Fall 2020 brings a new semester at Kansas State, and a new look for the Alcohol and Sexual Assault Prevention program. The ASAP program was turned over to a new vendor — Get Inclusive: Voices for Change.

The program is a federally mandated requirement for colleges that issue student financial assistance.

“[The] contract with our previous vendors was ending, and the committee looking at new options liked the product Get Inclusive offered the best,” Laurel Moody, assistant dean in the Office of Student Life, said.

In previous years, the program was a requirement for all enrolled K-State students to complete annually. Due to recent changes in protocol, completion of the new program is only required during a student’s first semester at K-State.

For students under the age of 21, there is an alcohol and substance use module in addition to the consent module.
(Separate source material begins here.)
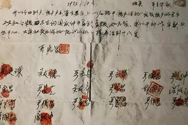 1978年12月的一個冬夜,安徽省鳳陽縣小崗村18位村民以敢為天下先的勇氣,在一紙分田到戶的“秘密契約”上按下鮮紅的手印:“我們分田到戶,每戶戶主簽字蓋章,如以后能干,每戶保證完成每戶的全年上交和公糧,不在(再)向國家伸手要錢要糧。如不成,我們干部作(坐)牢殺頭也干(甘)心,大家社員也保證把我們的小孩養活到十八歲。”

For those over the age of 21, the consent module is the only one required.

“The program is designed to educate students on the campus-wide policy surrounding identity and inclusion, consent and sexual violence, alcohol and other drugs and hazing and bullying,” Jessica Blasi, alcohol and other drug education director at Lafene Health Center, said. “With awareness and education, students can navigate how to respond to situations that may arise on campus and become familiar with resources that are available on campus.”
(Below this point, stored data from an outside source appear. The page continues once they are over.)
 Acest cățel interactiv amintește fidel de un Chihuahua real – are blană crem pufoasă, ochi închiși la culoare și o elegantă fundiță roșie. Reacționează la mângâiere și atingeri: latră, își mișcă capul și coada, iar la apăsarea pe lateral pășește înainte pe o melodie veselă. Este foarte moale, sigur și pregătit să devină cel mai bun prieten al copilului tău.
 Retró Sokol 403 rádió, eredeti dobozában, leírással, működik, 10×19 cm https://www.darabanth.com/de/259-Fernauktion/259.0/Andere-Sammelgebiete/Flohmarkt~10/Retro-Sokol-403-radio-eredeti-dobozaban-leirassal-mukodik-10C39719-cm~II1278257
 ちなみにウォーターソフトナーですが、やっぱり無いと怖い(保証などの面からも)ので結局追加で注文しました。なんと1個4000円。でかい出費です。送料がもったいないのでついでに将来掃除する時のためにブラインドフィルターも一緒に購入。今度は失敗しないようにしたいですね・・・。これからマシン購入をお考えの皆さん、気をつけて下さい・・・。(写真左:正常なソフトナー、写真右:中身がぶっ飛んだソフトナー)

While the program cannot prevent every incident it seeks to address on campus, Paige Huggins, sophomore in elementary education, said, she hopes it will raise awareness about the issues.

“I think that the training teaches people at the moment, but unfortunately, cannot always prevent every incident,” Huggins said. “I hope that it will teach students about signs [of] alcohol poisoning, as well as bring awareness to sexual assault and how we can all make a difference to prevent it.”